CS: I’m not sure there are enough designs! I still don’t think there is enough recognition that hundreds of thousands of children are being thrown onto the streets and that this is one of the biggest and dominant examples of homophobia and transphobia in our time. I still don’t think our national LGBTQ organizations are focused enough on it, and I still don’t think there’s enough awareness. Perhaps the biggest misconception is failing to recognize its massive prevalence and the scale of the crisis affecting hundreds of thousands of children in this country.

GO: How has this job changed you?

CS: There’s this narrative going around that you’re supposed to feel very rewarded for doing this work and there’s some truth to that. I have met so many wonderful people, both young people and colleagues, who have greatly enriched my life. I feel like meeting Ali was one of the most pivotal and incredible things that has ever happened in my life. I have a lot of gratitude to have met so many wonderful people (…) and to see just an outpouring of kindness and it has been wonderful. But I don’t think you can expose yourself to trauma and brutality for decades of your life and come out unscathed.

I am heartbroken in so many ways. I have a little cabin that I go to. I try to go there once a week (to) pray and meditate. I often find myself crying. Things young people have told me about their suicide attempts, the violence and the cruel things their pants did to them. I can’t seem to heal from any of this.
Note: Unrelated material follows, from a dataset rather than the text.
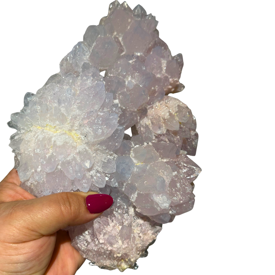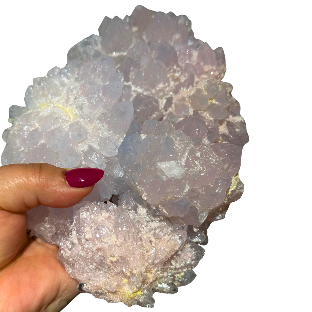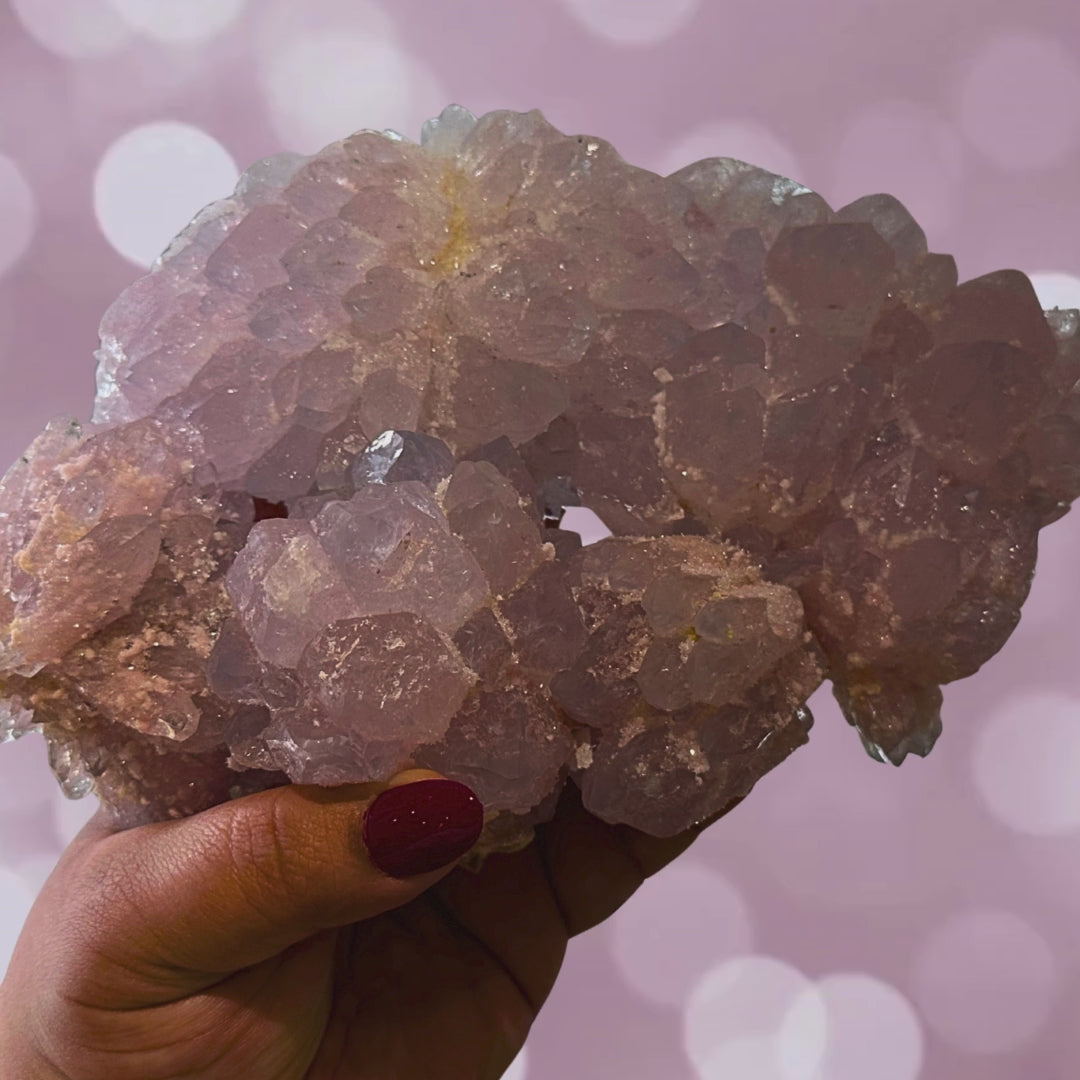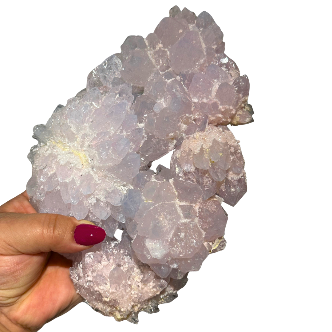 The Natural Pineapple Pink Quartz Crystal Cluster is a powerful yet gentle tool for healing, growth, and creating an atmosphere of love and peace. Its rare formation from Madagascar adds to its uniqueness and energetic potential, making it a beautiful addition to any space or practice.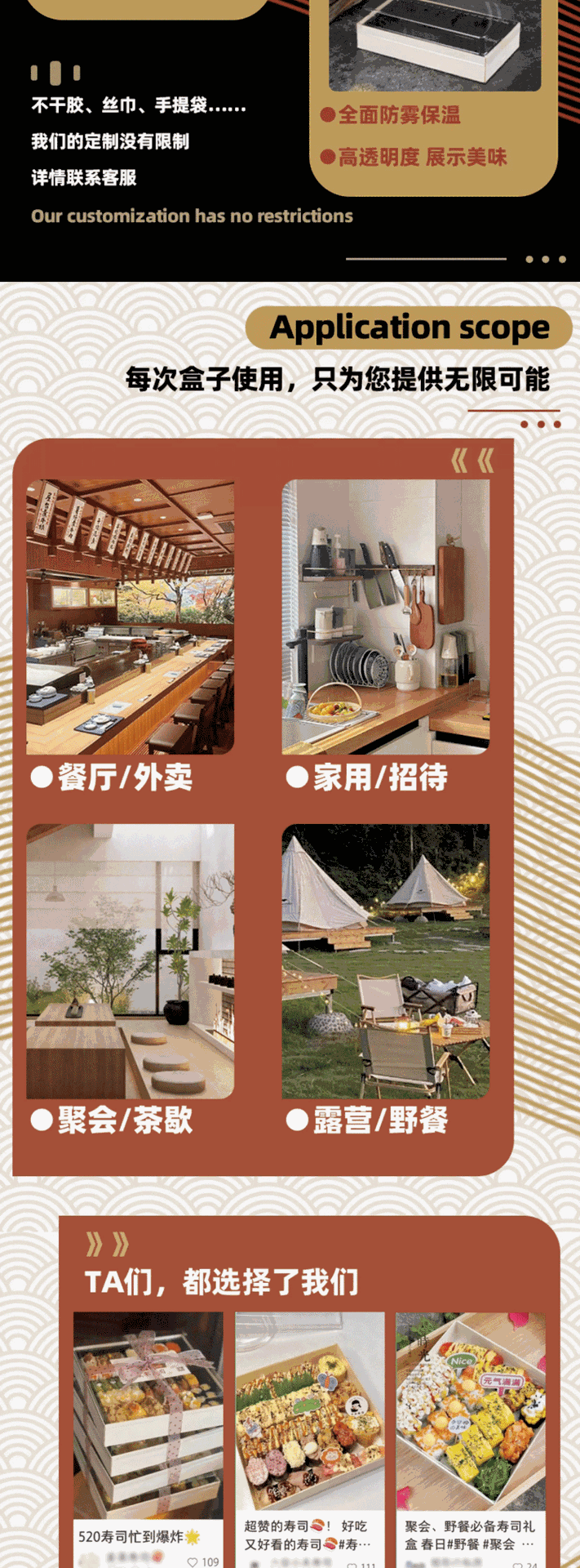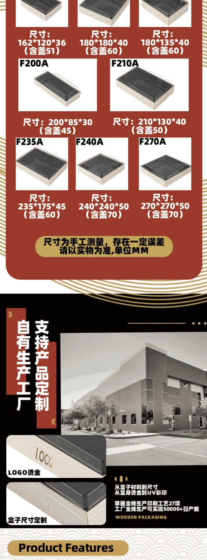 Минимальный объем заказа: 50 комплектов каждого размера. Пожалуйста, заказывайте в кратном количестве 50.; F120-Деревянная коробка + крышка + лоток с одним отделением; F120-Деревянная коробка + крышка + лоток с четырьмя ячейками; F135-A деревянная коробка + крышка + лоток с четырьмя ячейками; F140-Деревянная коробка + крышка + лоток с одним отделением; F150-Деревянная коробка + крышка + лоток с одним отделением; Деревянная коробка F150-B + крышка + лоток с одним отделением; F162-Деревянная коробка + крышка + лоток с одним отделением; F180-Деревянная коробка + крышка + лоток с одним отделением; F180-Деревянная коробка + крышка + поддон с двойной решеткой; F180-Деревянная коробка + крышка + лоток с четырьмя ячейками; F180-Деревянная коробка + крышка + лоток с девятью ячейками; F180-B деревянная коробка + крышка + лоток с одним отделением; F200-B деревянная коробка + крышка + лоток с одним отделением; Деревянная коробка F200-C + крышка + лоток с одним отделением; F210-B деревянная коробка + крышка + лоток с одним отделением; F235-Деревянная коробка + крышка + лоток с одним отделением; F235-Деревянная коробка + крышка + поддон с двойной решеткой; F235-Деревянная коробка + крышка + лоток с шестью ячейками; F240-Деревянная коробка + крышка + лоток с одним отделением; F240-Деревянная коробка + крышка + лоток с четырьмя ячейками; F240-Деревянная коробка + крышка + лоток с девятью ячейками; F270-Деревянная коробка + крышка + лоток с одним отделением; F270-Деревянная коробка + крышка + лоток с четырьмя ячейками; F270-Деревянная коробка + крышка + лоток с шестью ячейками; F270-Деревянная коробка + крышка + лоток с девятью ячейками; 50 комплектов поясных уплотнений (требуются примечания к спецификациям и образцам); Наклейки сашими 50 комплектов; Наклейки для суши 50 комплектов

I definitely feel scarred by this. I am not complaining. Starting this journey as a young man, I was trying to figure out how to live a more loving life and I think love brings suffering, and love brings a kind of havoc. I can be devastated and I can be heartbroken and I wouldn’t have it any other way. I don’t think a week has gone by that I haven’t cried over Ali’s death. It was horrible that this sweet boy, with such a good heart, had to die alone on the sidewalk in the winter. I will never have an answer to that. This is the pain that will stay with me as long as my heart continues to beat.

GO: What do you hope readers will take away from this book?

CS: One hope is a deeper conversation in our society about how we protect young people. Even stripping away the weirdness, there are so many young people on the streets of our country and it’s a pretty destructive experience for so many of them. I have seen some improvements over the last 10 years, but they are so small compared to what is needed. So I want there to be more of a feeling that it is totally inhumane for a society to leave its young people to fend for themselves on the streets. Another thing I really want to get from this book is a deeper understanding of how the religious community can put children in danger. Seeing thousands of young people find themselves on the streets and suffering abominably because of the religious beliefs of their parents is very worrying. We must name it. We must recognize this. We must speak it. If we want to protect our children, we must start to consider that religious homophobia puts children in danger. I say this as a religious person. I think that’s the power of the book. I am not destroying religion; I tremble before God as I do it.

Making Space: Three Decades of Fighting for Beds, Belonging, and a Safe Place for LGBTQ Youth is a courageous, honest, and deeply spiritual reckoning with the trauma and joys of caring for young people who have been rejected by families and communities. What has always amazed, inspired and encouraged me is Carl’s commitment to homeless LGBTQ youth, his unwavering willingness to wear his heart on his sleeve, put his faith into practice and show up to do this work with tears and strength. I also appreciate how he doesn’t defend the atrocities perpetrated by organized religion, while remaining true to his own faith and the reconversion that took place as a homosexual so that he can hold on to that faith. Towards the end of his book, Carl writes: “We can be hurt, sometimes irrevocably, and sometimes even mortally. But when we can nevertheless come together in loving solidarity, supporting one another, we rise above the ashes of our destruction. I can think of nothing more powerful than continuing to fight for the next generations of homeless queer youth from this place of solidarity. To make room is now available wherever books are sold.